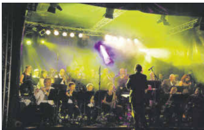
Im Vorjahr gab es den Auftakt, nun geht das Musikfest BaLie in die zweite Auflage.

Vom 1. bis 3. Juli wieder jede Menge Musik im Kurpark Bad Liebenwerda und im Stadtzentrum
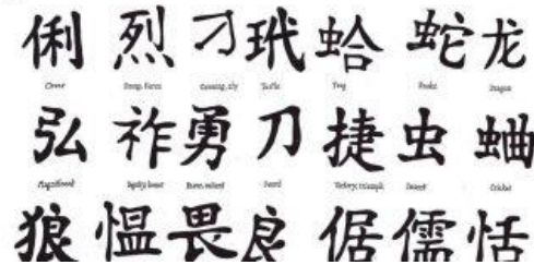
Alguns ideogramas em mandarim
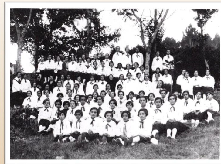
Fotografia a p&b: primeiras alunas (c. 1927-1930)

Brief:
What this calls for is a word-for-word copy of the listing above, pictures excluded.

Response area:
Im Vorjahr gab es den Auftakt, nun geht das Musikfest BaLie in die zweite Auflage.

Vom 1. bis 3. Juli wieder jede Menge Musik im Kurpark Bad Liebenwerda und im Stadtzentrum
Alguns ideogramas em mandarim
Fotografia a p&b: primeiras alunas (c. 1927-1930)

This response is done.